= EXERCISE =
Reproduce the whole listing word for word. Leave every image out.

= INPUT DATA =
BEGIN
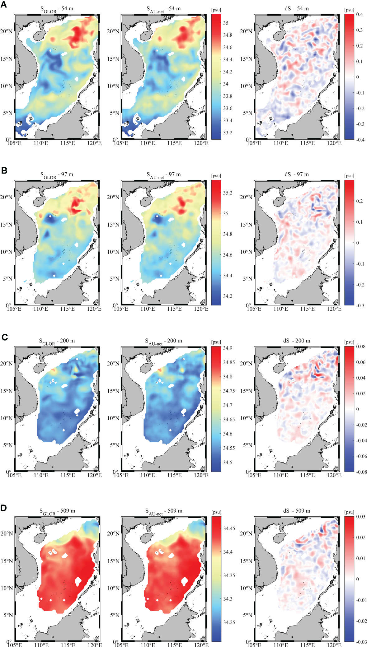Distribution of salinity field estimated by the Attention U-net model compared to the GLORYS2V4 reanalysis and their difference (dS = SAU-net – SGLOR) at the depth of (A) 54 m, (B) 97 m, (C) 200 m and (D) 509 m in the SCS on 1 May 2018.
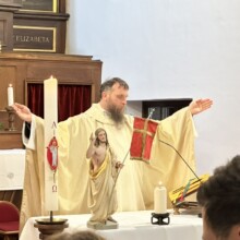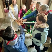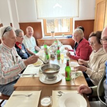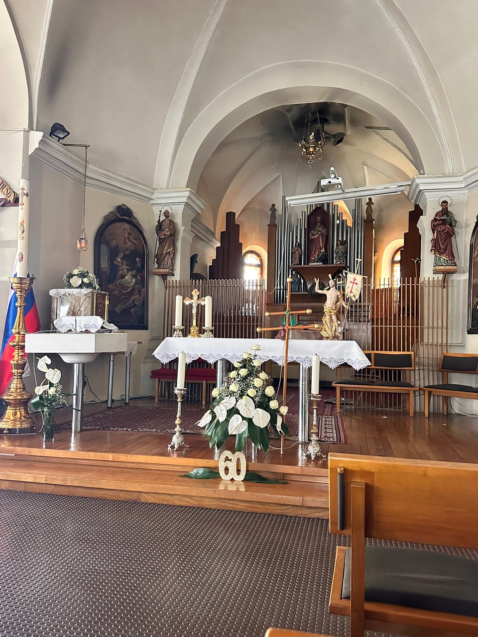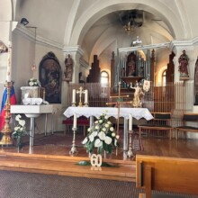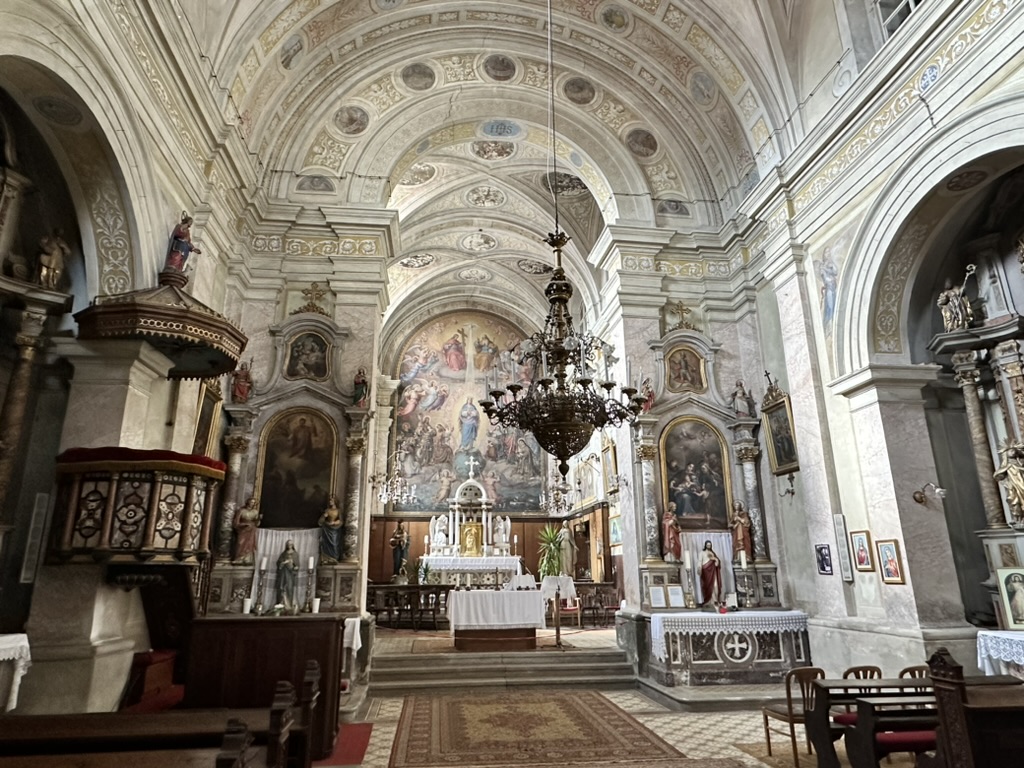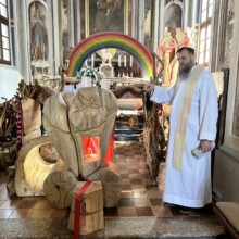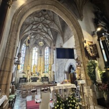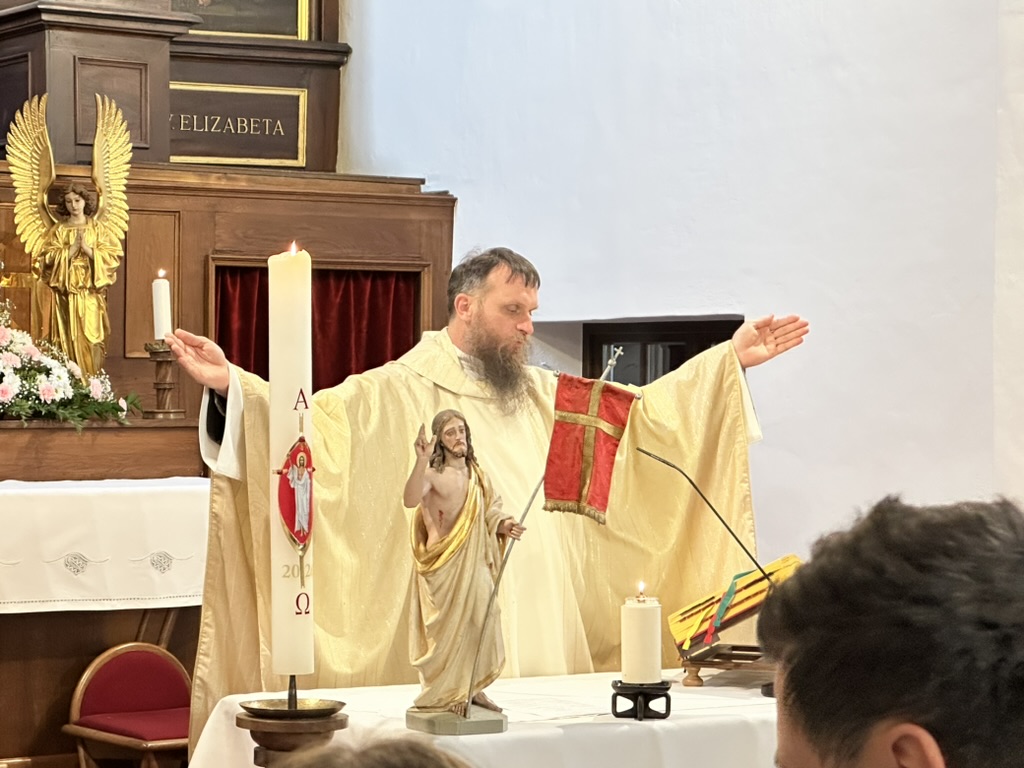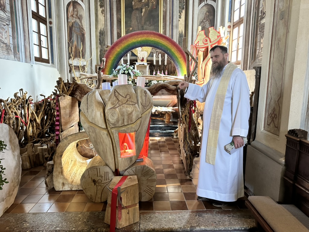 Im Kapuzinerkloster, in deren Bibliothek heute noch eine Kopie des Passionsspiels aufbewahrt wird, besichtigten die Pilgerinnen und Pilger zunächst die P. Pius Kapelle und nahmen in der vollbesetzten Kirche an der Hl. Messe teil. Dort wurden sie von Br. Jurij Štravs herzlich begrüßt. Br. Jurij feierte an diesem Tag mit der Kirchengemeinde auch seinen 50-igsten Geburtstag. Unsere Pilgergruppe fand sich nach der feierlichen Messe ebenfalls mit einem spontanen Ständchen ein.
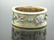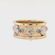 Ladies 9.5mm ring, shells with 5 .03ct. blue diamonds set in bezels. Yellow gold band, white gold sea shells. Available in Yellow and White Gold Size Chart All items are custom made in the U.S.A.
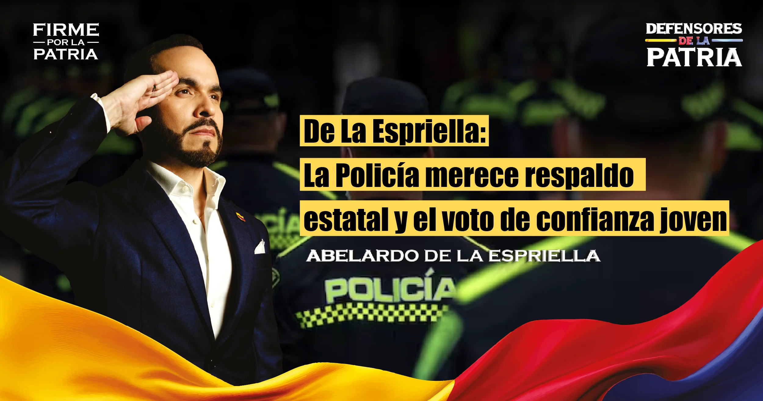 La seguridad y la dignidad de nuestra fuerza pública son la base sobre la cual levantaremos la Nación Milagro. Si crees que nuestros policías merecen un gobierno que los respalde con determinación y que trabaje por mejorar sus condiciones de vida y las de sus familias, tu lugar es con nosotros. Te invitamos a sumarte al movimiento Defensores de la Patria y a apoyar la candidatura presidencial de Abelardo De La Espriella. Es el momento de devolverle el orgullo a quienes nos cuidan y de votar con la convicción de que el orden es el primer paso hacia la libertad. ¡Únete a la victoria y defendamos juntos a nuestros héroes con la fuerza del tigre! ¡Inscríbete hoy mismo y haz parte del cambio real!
END
= ANSWER BOX =
Distribution of salinity field estimated by the Attention U-net model compared to the GLORYS2V4 reanalysis and their difference (dS = SAU-net – SGLOR) at the depth of (A) 54 m, (B) 97 m, (C) 200 m and (D) 509 m in the SCS on 1 May 2018.
 Im Kapuzinerkloster, in deren Bibliothek heute noch eine Kopie des Passionsspiels aufbewahrt wird, besichtigten die Pilgerinnen und Pilger zunächst die P. Pius Kapelle und nahmen in der vollbesetzten Kirche an der Hl. Messe teil. Dort wurden sie von Br. Jurij Štravs herzlich begrüßt. Br. Jurij feierte an diesem Tag mit der Kirchengemeinde auch seinen 50-igsten Geburtstag. Unsere Pilgergruppe fand sich nach der feierlichen Messe ebenfalls mit einem spontanen Ständchen ein.
 Ladies 9.5mm ring, shells with 5 .03ct. blue diamonds set in bezels. Yellow gold band, white gold sea shells. Available in Yellow and White Gold Size Chart All items are custom made in the U.S.A.
 La seguridad y la dignidad de nuestra fuerza pública son la base sobre la cual levantaremos la Nación Milagro. Si crees que nuestros policías merecen un gobierno que los respalde con determinación y que trabaje por mejorar sus condiciones de vida y las de sus familias, tu lugar es con nosotros. Te invitamos a sumarte al movimiento Defensores de la Patria y a apoyar la candidatura presidencial de Abelardo De La Espriella. Es el momento de devolverle el orgullo a quienes nos cuidan y de votar con la convicción de que el orden es el primer paso hacia la libertad. ¡Únete a la victoria y defendamos juntos a nuestros héroes con la fuerza del tigre! ¡Inscríbete hoy mismo y haz parte del cambio real!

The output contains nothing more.